Dr. Howard Koh, Harvard T. H. Chan School of Public Health, joins The Final Round to discuss his thoughts on the latest developments with the coronavirus and the vaccine race as new cases continue to spike across the globe.
SEANA SMITH: Welcome back to The Final Round. Let's get to the latest on the coronavirus pandemic. And the numbers are not encouraging. New coronavirus cases in the US nearly 60,000, with several Midwestern states reporting higher levels of infection and this of course, as we see the situation over in Europe getting worse.
Anjalee Khemlani joins us now with the latest on this. Anjalee?
ANJALEE KHEMLANI: Thanks, Seana. Yes, as you mentioned, 50,000 cases per day we're also seeing rising rolling seven-day averages across the country.

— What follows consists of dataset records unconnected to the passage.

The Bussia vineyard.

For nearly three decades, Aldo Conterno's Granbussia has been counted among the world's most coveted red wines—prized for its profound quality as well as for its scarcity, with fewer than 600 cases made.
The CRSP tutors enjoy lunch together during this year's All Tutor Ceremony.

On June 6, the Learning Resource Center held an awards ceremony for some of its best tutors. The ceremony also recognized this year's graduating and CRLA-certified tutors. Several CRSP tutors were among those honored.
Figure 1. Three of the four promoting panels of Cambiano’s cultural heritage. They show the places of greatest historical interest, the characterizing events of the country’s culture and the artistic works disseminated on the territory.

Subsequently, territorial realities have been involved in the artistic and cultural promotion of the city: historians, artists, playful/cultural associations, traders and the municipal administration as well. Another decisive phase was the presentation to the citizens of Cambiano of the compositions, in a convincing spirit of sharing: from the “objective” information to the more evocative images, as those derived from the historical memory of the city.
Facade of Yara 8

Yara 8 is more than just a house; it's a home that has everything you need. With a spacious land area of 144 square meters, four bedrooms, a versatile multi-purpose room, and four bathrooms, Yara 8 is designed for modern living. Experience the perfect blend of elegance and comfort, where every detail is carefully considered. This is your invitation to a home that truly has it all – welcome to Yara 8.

Looking at some of the concerning spots, we already know that parts of the US are also experiencing what would be the first wave of the pandemic, especially when you're looking at states like Montana, Idaho, Wisconsin, Utah, up there in the mountain area. And then looking across the board, the larger, densely populated states like California, Texas, and Florida, which have already had some of the highest numbers, continue to rise.
A focus point as well on the New York-New Jersey area, where we've seen for the past couple of weeks a concerning trend there as well. All to say that this is part of that second wave of the pandemic that was supposed to be hitting, is anticipated.

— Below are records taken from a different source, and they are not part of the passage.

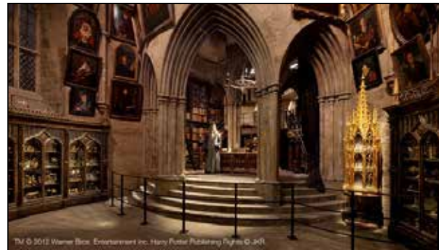
Harry Potter Studios London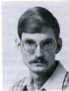
Bill Brinkworth Computer Center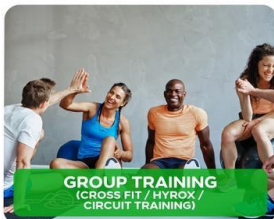
GROUP TRAINING (CROSS FIT / HYROX / CIRCUIT TRAINING)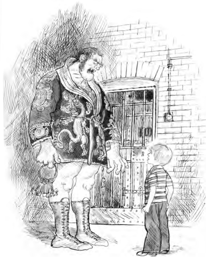
Figure 6: Illustration © Fritz Wegner from Jacob Two-Two Meets the Hooded Fang , Tundra Books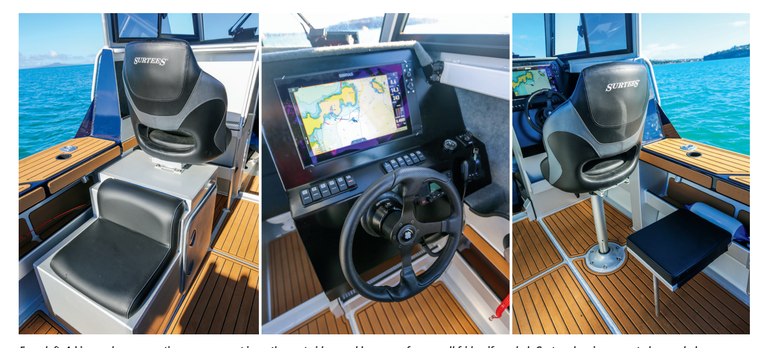
From left: A king and queen seating arrangement is on the port side – and has room for a small fridge if needed; Surtees has incorporated a new helm station that will take up to 16" screens, flush-mounted; Practical, comfortable and stylish – the helm seat with the removable passenger seat behind it.

The cabin locks with a substantial sliding door and is fully carpeted. A large hatch aids the flow of air while at anchor, as well as access to the anchoring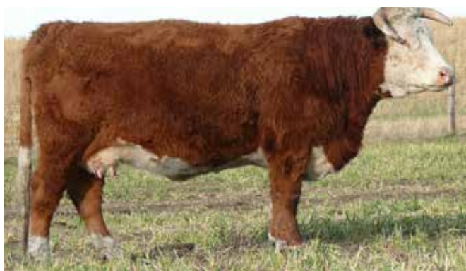
118A - Dam of 12D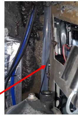
Air Intake Box Drains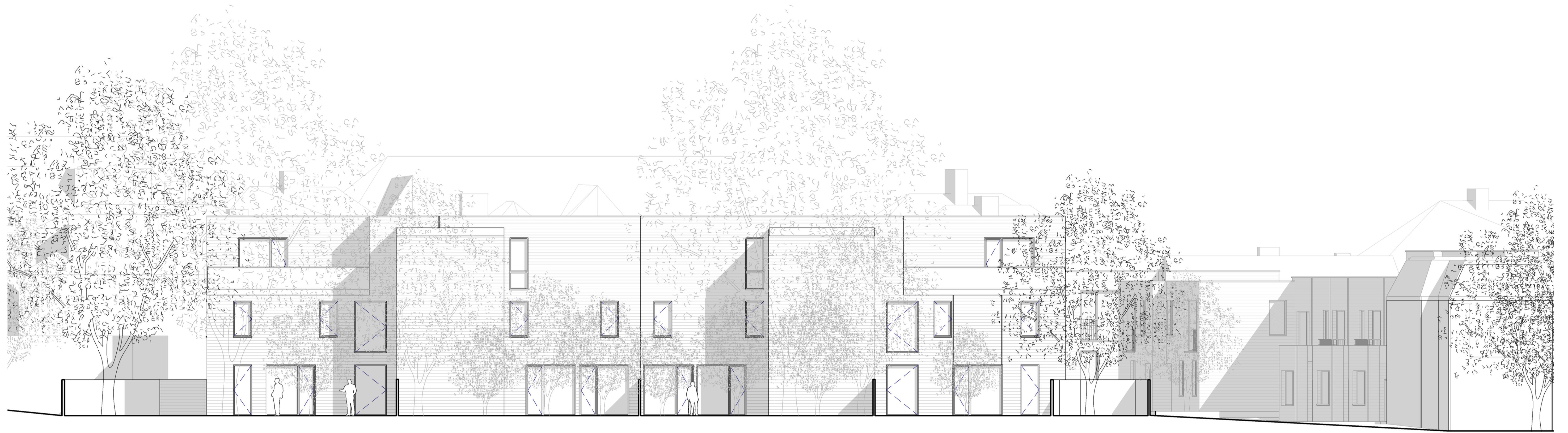
1 South-West Elevation Building A 100@A1 1 : 100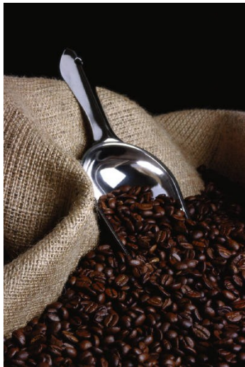
Nothing but the best beans for you guys!

Ever plan something and think, "This won't take any time at all..."? Well I sure have and the latest installment of that was the coffee shop! Now we started with good intentions, with Cappuccino Joe's being gone, DC Cage history, PJ's closed, we thought it was time to start one of our own so everybody would still have a place to hang out, have a good cup of coffee and keep in touch. I mean we've had everything all along, we just needed to get the right permits right? Wow!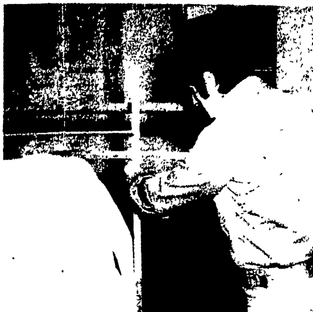
STEP 1: exact measurement of each cow and analysis of her major type weaknesses.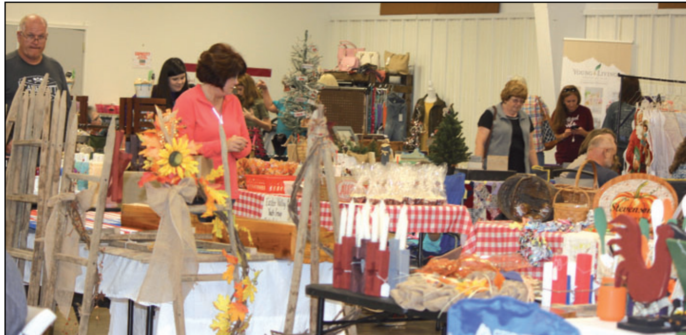
Customers looked over crafts and other merchandise during Main Street Market held Saturday at the Estill County Fair Barn.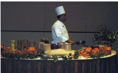
"Doesn't anyone around here want an omelette?"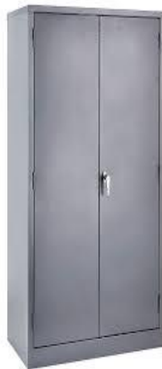
Heavy Duty Stationery Cupboard

But how it all pans out remains to be seen. We've already heard of some restrictions in El Paso. We know that North Carolina saw its largest one-day increase, setting a record. So all of this is really playing out exactly the way experts have warned it will. Still waiting to see exactly what individual governments do.
SEANA SMITH: All right. Anjalee, stick with us, because for more on this, we want to bring in Dr. Howard Koh. He's of Harvard's School of Public Health. And Dr. Koh, it's great to have you on the program.
Just listening to what Anjalee was just saying and saying that a lot of these health experts were expecting this second wave, were you expecting it to this magnitude and this early into the fall?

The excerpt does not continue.